Wielandt: Dass die Planning Grants generell ein sinnvolles Förderinstrument sind, merken wir an den Rückmeldungen der Wissenschaftlerinnen und Wissenschaftler. Selbst wenn sie in der zweiten Stufe nicht erfolgreich sein sollten, bringt ihnen bereits das Durchlaufen der Findungsphase sehr viel, berichten sie uns. Wir haben solche Vorbereitungsphasen jetzt auch in anderen Initiativen eingerichtet, bei "Kurswechsel – Forschungsneuland zwischen den Lebenswissenschaften und Natur- oder Technikwissenschaften" beispielsweise.

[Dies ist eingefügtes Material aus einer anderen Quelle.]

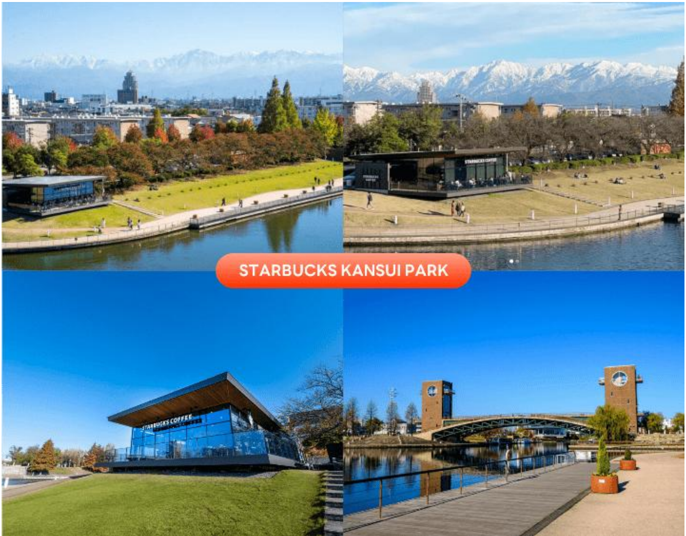
STARBUCKS KANSUI PARK

จากนั้นนำท่านสู่ Starbucks Kansui Park ร้านกาแฟดีไซน์ระดับไอคอนิกที่เคยได้รับการยกย่อง และโหวตให้เป็นสาขาที่สวยงามที่สุดในโลก ตั้งอยู่โดดเด่นริมผิวน้ำภายในสวนสาธารณะคันซุย สวนริมน้ำขนาดใหญ่ที่เป็นปอด และแลนด์มาร์กสำคัญของเมือง ตัวร้านได้รับการออกแบบด้วยกระจกใสบานใหญ่รอบทิศทางในสไตล์มินิมอล กลมกลืนไปกับธรรมชาติรอบตัวอย่างลงตัว ทำให้ไม่ว่าจะนั่งจิบกาแฟของร้าน ก็สามารถทอดสายตาดูวิวทิวทัศน์เพลิน ๆ หรือถ่ายรูปเป็นที่ระลึกกับวิวอันงดงามของสะพานข้ามคลอง Tenmon-kyo และผิวน้ำสีครามได้อย่างเต็มตาแบบไม่มีอะไรกั้น ถือเป็นไฮไลท์เด็ดที่ห้ามพลาด (ราคาทัวร์ไม่รวมค่าเครื่องดื่ม) (การเปลี่ยนสีของใบไม้ ขึ้นอยู่กับสภาพอากาศเป็นสำคัญ)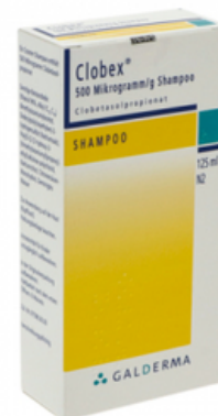
PZN: 04363981 Clobex 500 Mikrogramm/g Shampoo 125 ml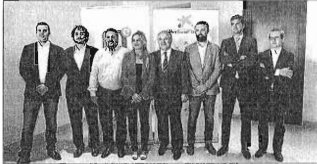
Una imagen con el ganador y los finalistas del galardón. L. O.

■ La empresa granadina Regemat 3D, dedicada a la comercialización de sistemas de bioimpresión 3D de tejidos, ha sido galardonada con el Premio Emprendedor XXI Andalucía 2016, por parte de la Caixa, a través de Caixa Capital Risc; la Consejería de Economía y Conocimiento, a través de Andalucía Emprende, y el Ministerio de Industria, Energía y Turismo, mediante Emisa, por su alto potencial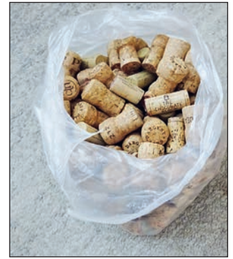
Korke für die Diakonie Kehl-Kork.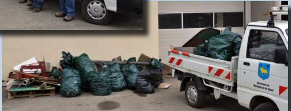
... et le butin de la matinée !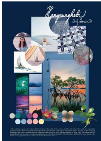
Figur 5. Moodboard & illustration Hangrungebi

Welche Projekte haben die Chance auf eine Förderung in der KI-Initiative?
Wielandt: Wir suchen explizit nach risikoreichen Projekten und sind durchaus bereit, Anträge entgegen zu nehmen, bei denen der Outcome einfach noch nicht klar ist. Projekte, die sehr visionär sind und echte Zukunftsszenarien aufbauen. Sehr wichtig ist uns auch, dass internationale Kollaborationen entstehen und sich die deutsche Wissenschaft hier international aufstellt. Im Fokus der Begutachtung steht unter anderem: Wie ist das Team aufgestellt? Ist das Thema wirklich innovativ und relevant? Welchen Mehrwert bringt die interdisziplinären Zusammenarbeit, gibt es Potential für neue methodische Ansätze und welche Kommunikation der Ergebnisse in die Öffentlichkeit plant das Antragsteam?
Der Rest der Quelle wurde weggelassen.